In my previous post I shared some of my favorite features of the Desmos Graphing Calculator. In this post I want to share how Desmos is changing the way math is taught and experienced in the college classroom.

Math for our day

When our students leave college we want them to be fully equipped to handle the math that will come their way. For some students (such as STEM majors) the demands are higher because of the larger role that data and models will play in their careers. For other students the bar is set lower, but there are some common skills that all college graduates should have.

• Students should have basic number sense along with the confidence to dive in and try problems.
• Students should be able to accurately use numbers (including units and other appropriate vocabulary) to describe situations and problems.
• Students should be critical thinkers and have at least moderate capabilities in the areas of consumer math and statistics.

If a college graduate hasn’t obtained those skills by the time they graduate, then both the school and that student have failed in a key area. This low bar applies regardless of the major.

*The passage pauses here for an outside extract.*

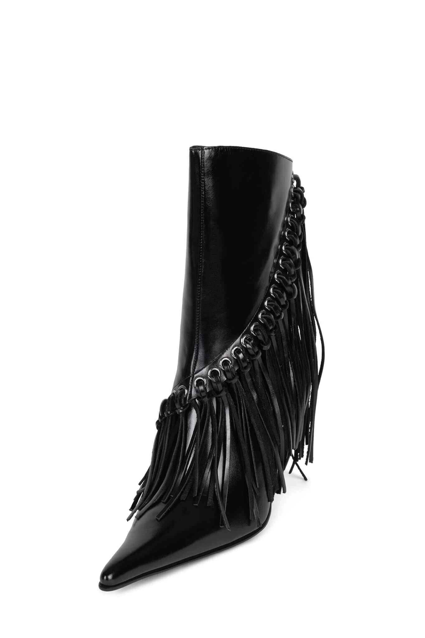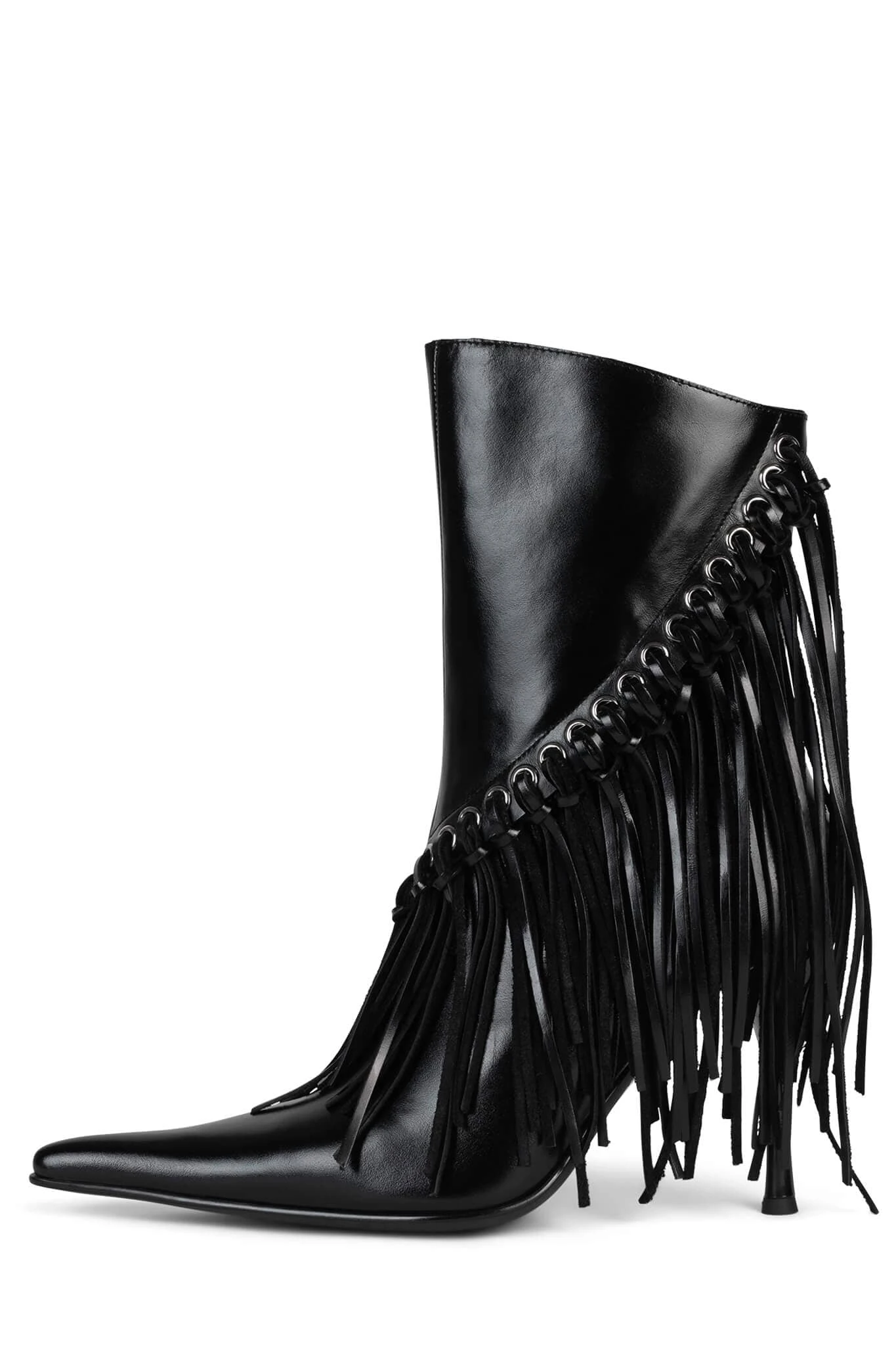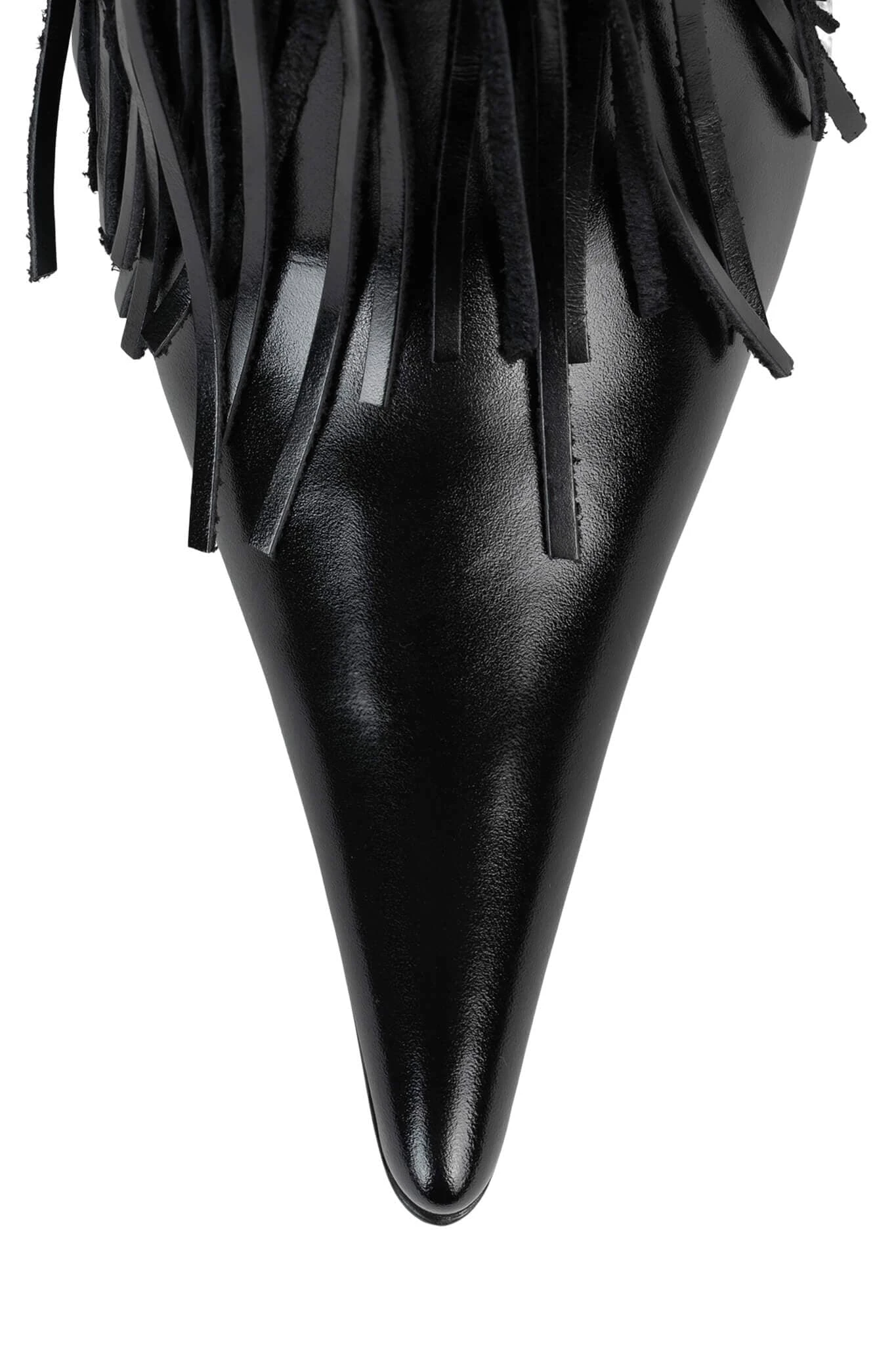 Pointed-toe wester-inspired stiletto boot with fringe detail
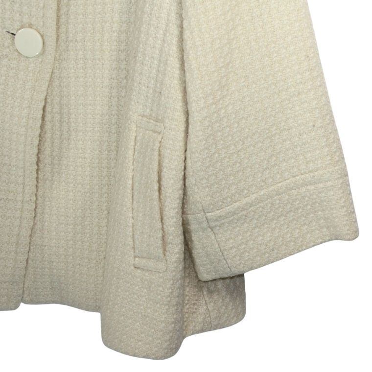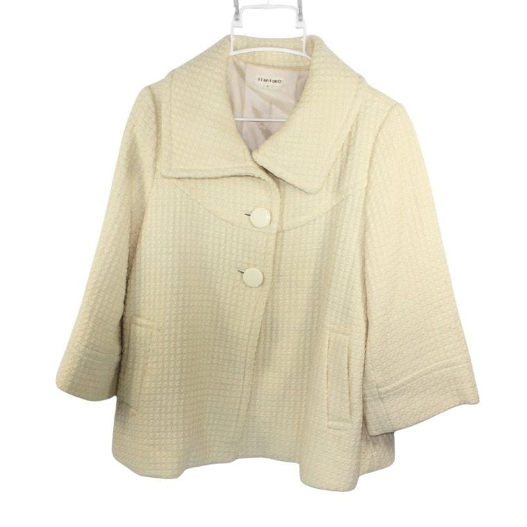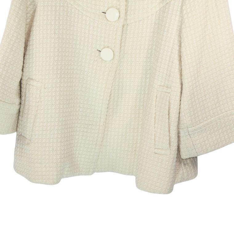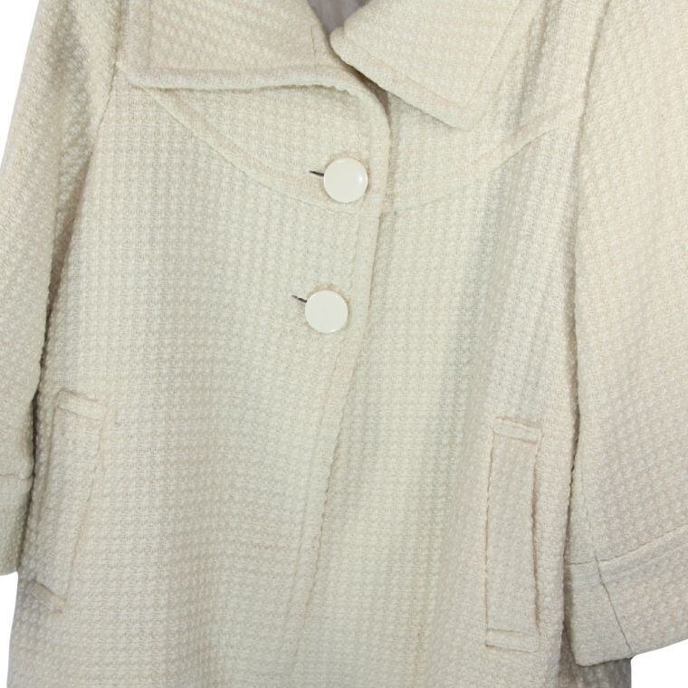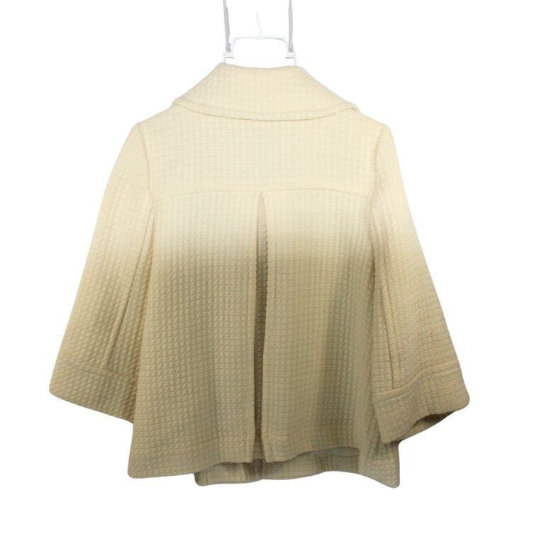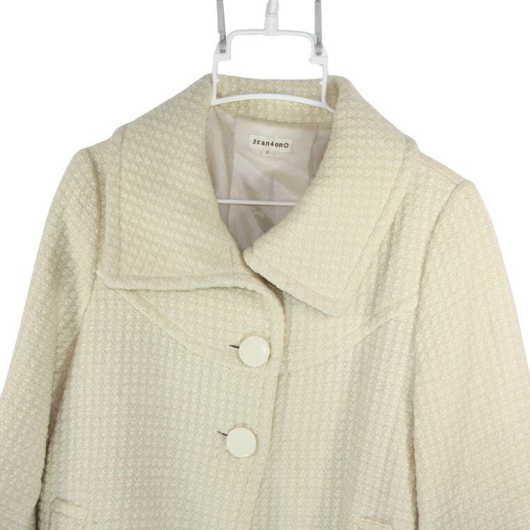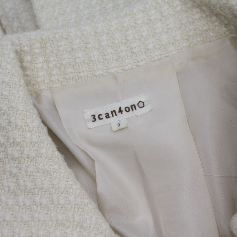 3can4on ツイード風ジャケット アイボリー系 七分袖 上品デザイン レディースアウター

In his recent article (All the mathematical methods I learned in my university math degree became obsolete in my lifetime) Keith Devlin describes the math skills needed for today’s students in contrast to the skills needed 30 years ago. The ability to carry out procedures and computations is no longer the focus because computers can easily do it for us. Instead we focus more on conceptual understanding, exploiting the tools to solve problems, and creating more meaningful discussions of results. This post will lay out some specific examples to show how math teaching is changing.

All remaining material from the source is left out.